# EOM... dead or alive?



## Phaedrus (Apr 12, 2003)

Is there going to be an official FAQ or not?
Is there going to be an EOM2 or not?

I really like the product, but am anxious to see it clarified and shored up.  I appreciate all of the work others have done to comment and provide clarifications, and I am using many of them, but I am one who prefers "official" rulings.
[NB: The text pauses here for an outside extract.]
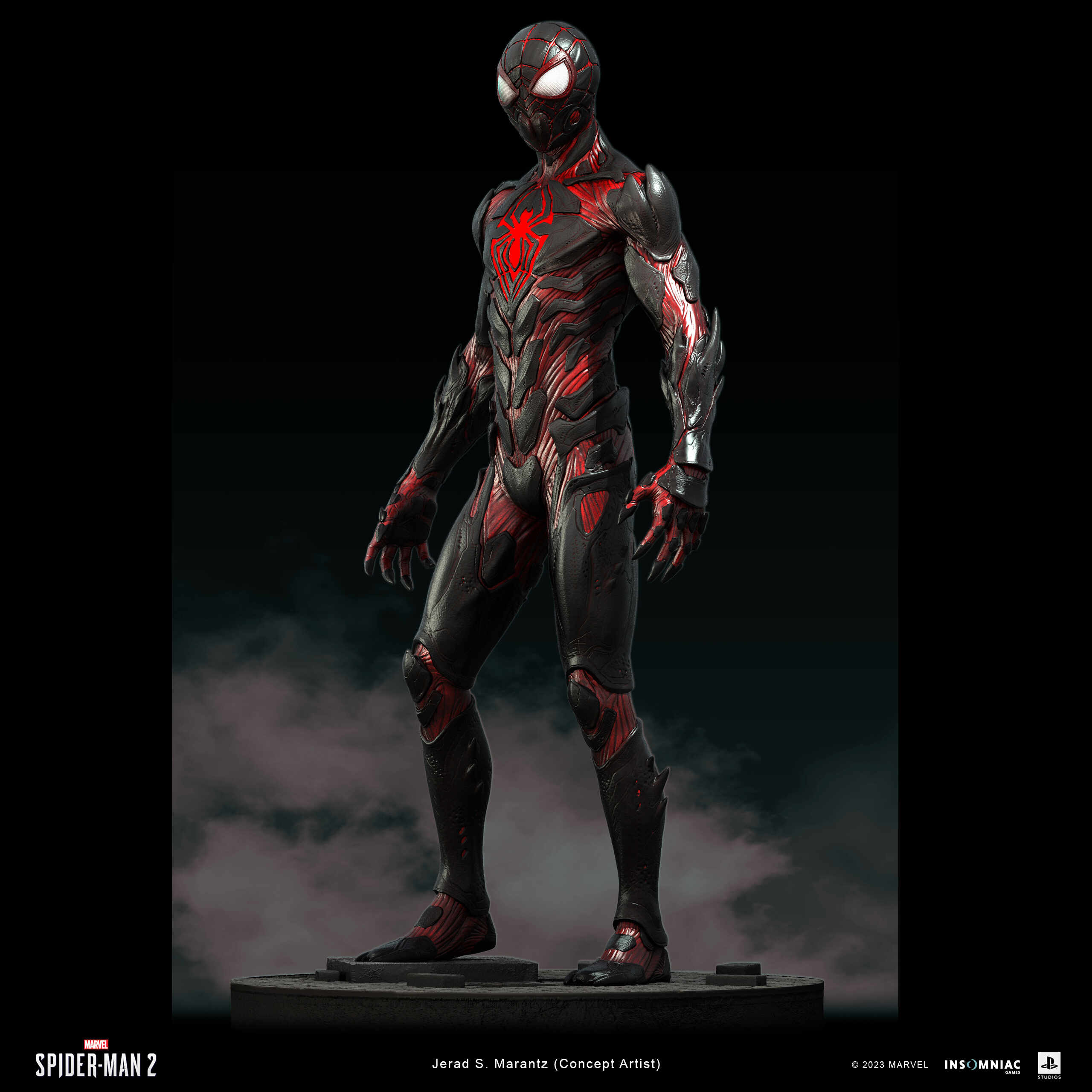 This is my Bio-Mechanical Miles Morales suit for Spider-Man 2 for the PS 5. I had such an amazing time working with the team over at insomniac! This was a dream job. I was contacted and asked to come up with my own version of the Miles Morales suit. Creative freedom is something that I think all artists crave and I got it! It was so exciting because I love Miles‘s character. I wanted to design something that really resonated with me. I’ve been a huge fan of anime over the years and I really wanted to do a creature suit for Miles. Miles’s powers have always seemed “next level to me“. For this suit, I originally sketched it out and then once the design was approved I had to model it in Zbrush. It was a lot of fun to sculpt.

If such an official ruling will not be given, I'd like to know so I can quit waiting for it.


----------



## RangerWickett (Apr 12, 2003)

Truth is, Cyberzombie's been missing for a while, so I'm beginning to wonder if he plans to handle the errata for his baby.  We at ENPublishing think it'd be a shame to just let the system not be supported, so we've been discussing the possibility of having one of our own members handle the revisions for EOM2 if Cyberzombie doesn't show up.


----------



## mroberon1972 (Apr 14, 2003)

I've seen him at nutkinland a couple of times, seems he's enjoying some quality time with his new digital cable system?

Mr. Oberon
"He's dead, Jim!"


----------



## CCamfield (Apr 18, 2003)

Well, I'd really like to see an FAQ on this.  I very recently bought EoM, started printing it out - then I found this forum.  The reported inbalances and lack of reaction to this has discouraged me from printing anything more of it out...


----------



## RangerWickett (Apr 18, 2003)

I'm definitely committed to making sure Elements of Magic gets the support it needs, and if necessary, I can take up some of the role of fixing what's unbalanced.  However, I am at college, and the next two weeks are final exams for the semester.  I should be better able to help out after May 4th.


----------



## CCamfield (Apr 19, 2003)

Ah!  Well, good luck on your exams!


----------



## netnomad (May 9, 2003)

RangerWickett said:
			
		

> *I'm definitely committed to making sure Elements of Magic gets the support it needs, and if necessary, I can take up some of the role of fixing what's unbalanced.  However, I am at college, and the next two weeks are final exams for the semester.  I should be better able to help out after May 4th. *





Well it's way after 5/4 and your sig said the CZ is back... so how about an update? 

-NetNomad


----------



## RangerWickett (May 9, 2003)

Ironic you'd ask that, since I'm actually about to start discussing what changes we're going to make to the current version with CZ.  There's going to be an EOM2 at the current time, though probably not until at least September.  In the meanwhile, we'll put up a FAQ that addresses the more easily answered stuff, but some of the material from the original version will be overhauled in the sequel.


----------



## Tuerny (May 9, 2003)

As an aside, my brother goes to Emory university too.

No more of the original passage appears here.